IL CONFINE DEL MONDO ABITATO

OXANA TREGUBOVA

OPENING THURSday 17 OCTOBEr 2024
UNTIL SATURDAY 11 JANUARY 2025

 
 

IL CONFINE DEL MONDO ABITATO

EDOARDO MONTI

The roots of Oxana Tregubova's (Russia, 1990) research are closely related to the phenomenon of the icon, its formal solutions and their content. She is interested in the expressive power of monochromatic or colored tonal backgrounds and their form. Taken together, they constitute conventional spaces that become more real than reality, since they do not try to imitate it and create an illusion of it, but constitute a new, self-sufficient one, recalling the authentic one and revealing its nature, while remaining independent. 

“Il confine del mondo abitato”, the artist's first solo exhibition at the gallery, presents a series of new works: oil, acrylic, ink and collage dialogue with canvas or paper supports, accompanying us into Oxana's romantically restless universe.

I like to devote part of the text to the technique and construction method of the works in the exhibition. Just as in cooking the list of ingredients and the recipe anticipate the execution details and critical comments, so for Oxana the description of the production steps is propaedeutic to understanding and appreciating the content they convey.

A few dozen meters from Italy, in her new Swiss studio in Chiasso, there are several tanks with old layers of oil paints that are now dry. This is where the process of making canvases and papers begins, floated in oily and colored solutions, diluted and made more fluid by turpentine. Spontaneous forms are born, partially out of control, which are transferred to the porous cotton material and are then fixed with transparent chalk, thus turning themselves into a blank canvas on which the artist spreads the first color, black. Oxana sculpts the background of the canvas with a layer of acrylic, which lays the foundation for the creation of one of the planes of the final frame, researching and creating shapes and sizes. The use of inks adds further depth, as in a collage that layers space and image. Later, photocopied fragments of books and magazines are cut out and transferred to the canvas; removing the paper with the help of water, negative images are imprinted. The artist gives life to a visual metaphor: like a poet who sees in the wheat fields the hair of a girl moved by the wind, so the artist materializes this image, giving consistency to considerations and analogies. Again, the stones that adorn a pond are made from cutouts of photographs of Earth from an airplane; the petals of a flower are enriched by existing images of which all trace has been lost. The technique was strongly influenced by the marble inlays seen in Florence, where she lived for eight years, and by “‘paesine’ stones”, limestone and clay formations that conceal within them motifs resembling landscapes and city skylines. The last gesture, delicate but powerful, involves the application of a velvety deep absolute black, whose properties are similar to those of Vantablack: the background takes on the role of incipit and conclusion of the pictorial act, generating three-dimensionality and creating a third visual plane. 

Some works feature figurative elements, others depict plants. The characters merge with nature: one is lost in the fields, another dives into water, others embrace a rock and sleep in contact with the earth.

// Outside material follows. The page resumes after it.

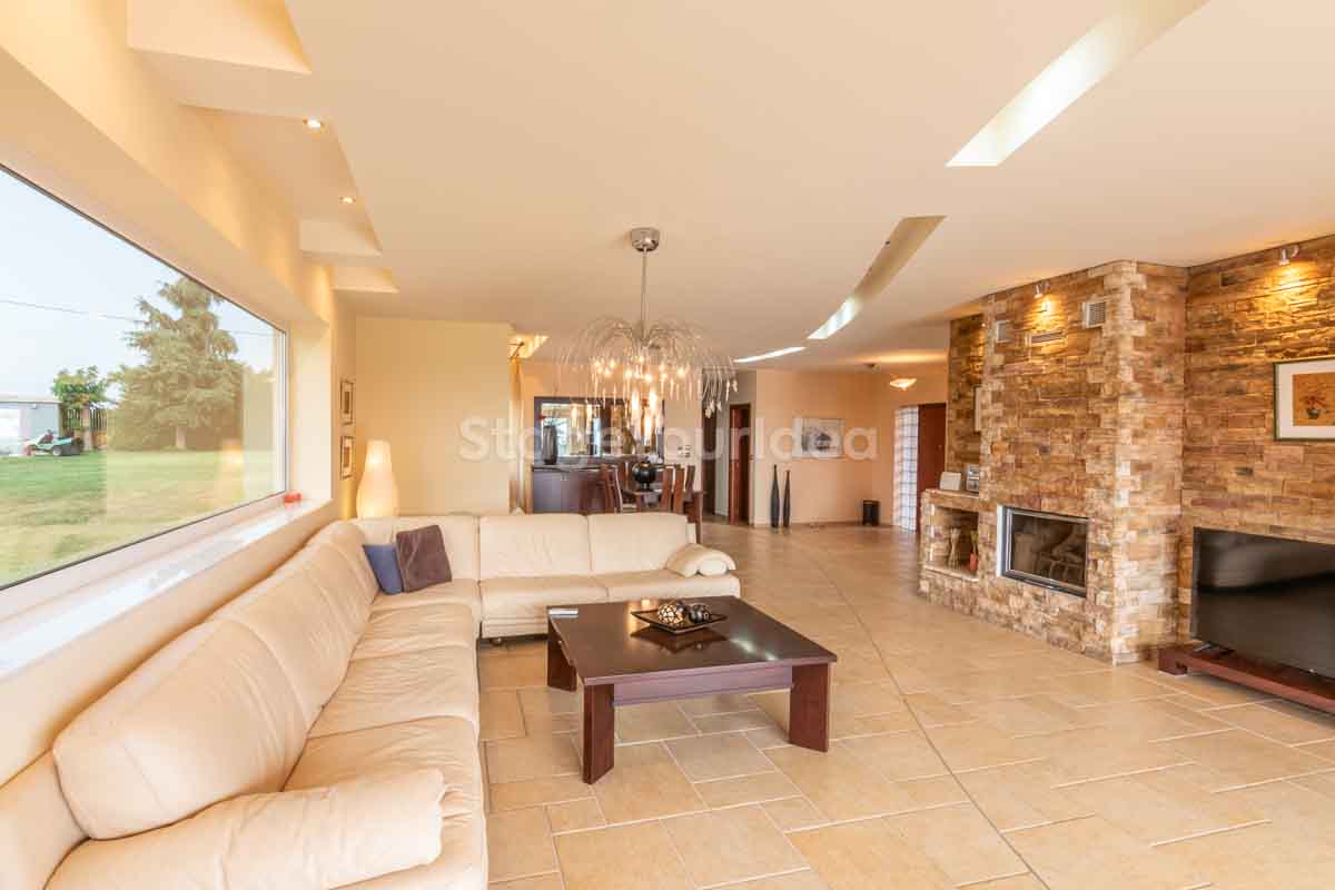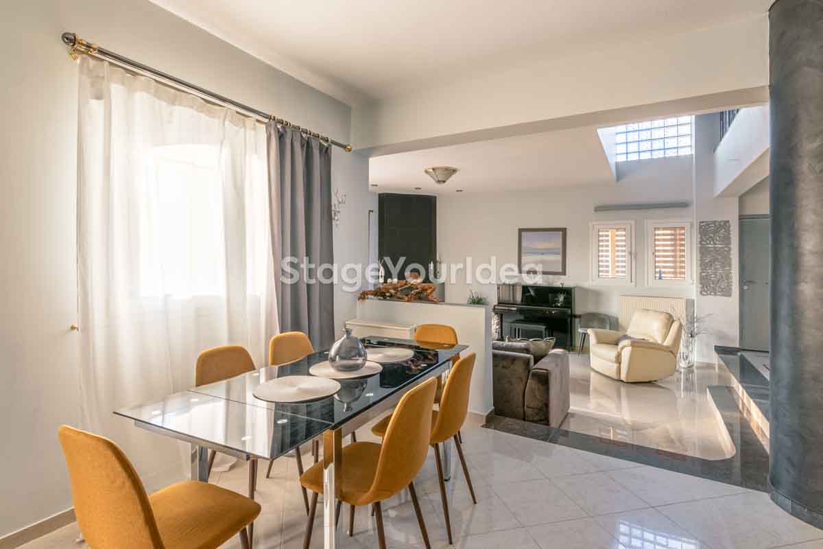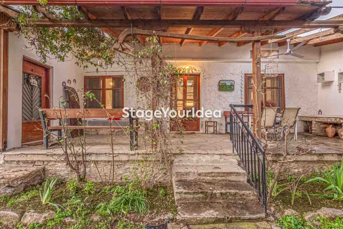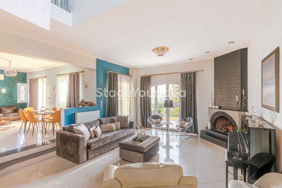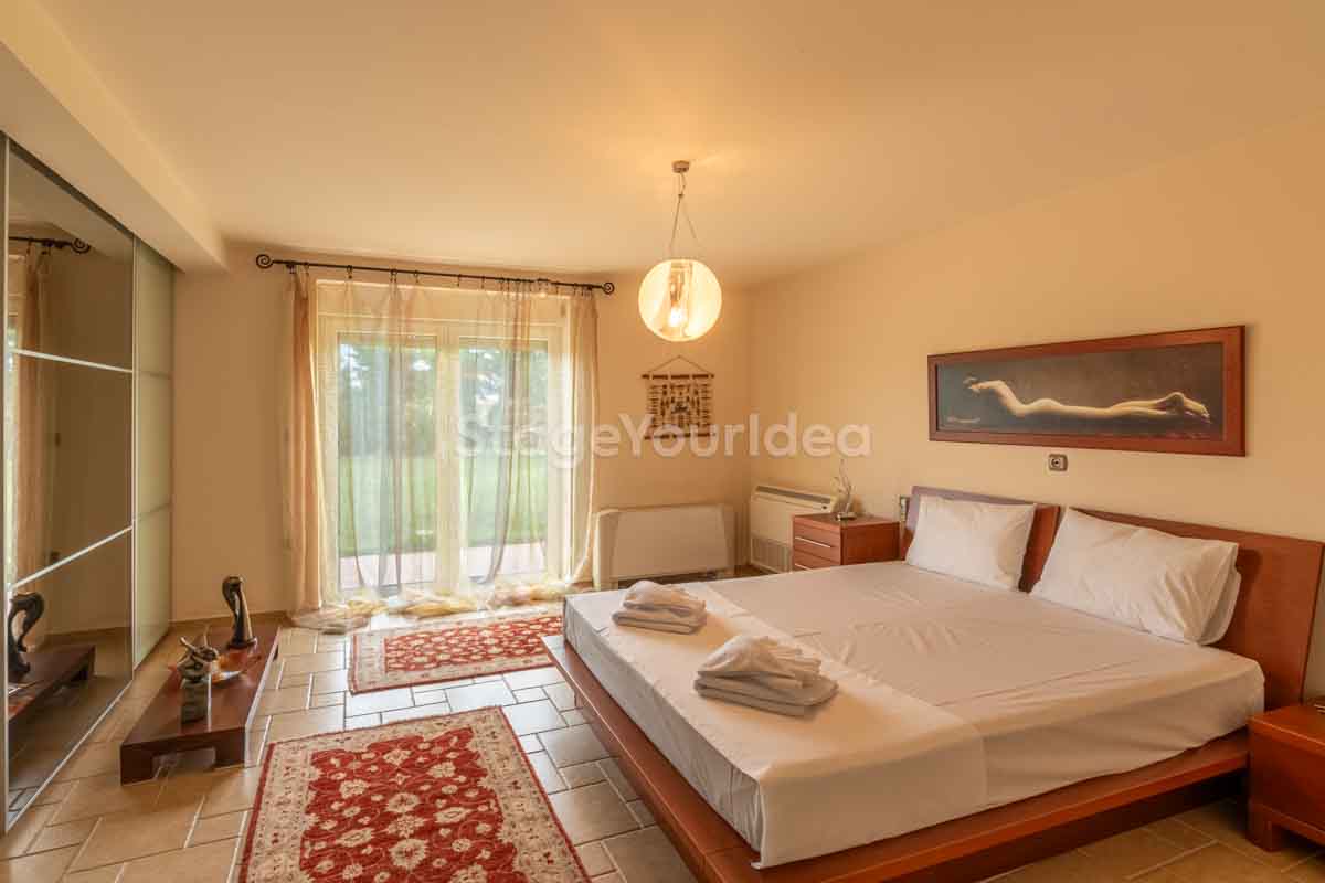 Η ειδυλλιακή θέα του ουρανού, η εντυπωσιακή πισίνα (100 τ.μ., 3 μέτρα βάθος), οι ζεστές γήινες αποχρώσεις της τερακότα σε συνδυασμό με τον περιποιημένο καταπράσινο κήπο καλύπτουν και τα 4 στοιχεία της φύσης προκειμένου να επιτείνουν στο μέγιστο την εμπειρία των καλεσμένων σας. Η παρουσία της πέτρας, του ξύλου και του δέρματος στην επίπλωση αποπνέουν παράδοση και συνάμα πολυτέλεια. Η παρουσία μοντέρνων φωτιστικών με τη συνοδεία περίτεχνων ασυμμετριών και καμπύλων γραμμών προσδίδουν εκσυγχρονιστικό χαρακτήρα. Οι διάπλατες τζαμαρίες διευρύνουν περαιτέρω το οπτικό πεδίο από το εσωτερικό της αίθουσας ενισχύοντας την διαπερατότητα με το εξωτερικό τοπίο.

Details are finished with an airbrush, using inks, acrylic and oil. These works are framed, as if to recall Man's restrained relationship with nature; works depicting nature remain unframed, allowing stems and petals to expand to the edges of the canvases themselves. The whiteness of the human figures evokes universality and a sculptural quality, recalling the purity of limestone. The artist, who has worked with marble in the past, celebrates the act of sculpture, reminding us that sculpting is nothing more than drawing with light. Skin color is removed, charging the form with other senses, represented instead in its purity. 

Oxana explores the dualism between control and randomness. Chaos and abstraction emerge in the initial stages, but are then brought back to a precise form. This interplay between chance and intentionality creates a unique dynamic: at the macroscopic level a compound order prevails; at the microscopic level we perceive abandonment to eventuality.

The title of the exhibition is taken from the poem “Worpswede” by Rainer Maria Rilke, and reflects the artist's concern for the current historical period. For the past two years, the artist has been trying to understand her own position in relation to the destruction that is taking place in the world. Her response is to cultivate gardens, oppose destruction by creating beauty and bringing positive values. “Il confine del mondo abitato” represents the risk of losing everything; however, even in the deepest blackness there is still the possibility that a flower will grow, that man will continue to care for Nature, and for his own inner nature. At the same time, black gives depth to the figures, without which they would lose dimension. This gaze toward the horizon recalls the infinite, allowing us to reflect on ourself, and showing how art can never be totally clear or definitive.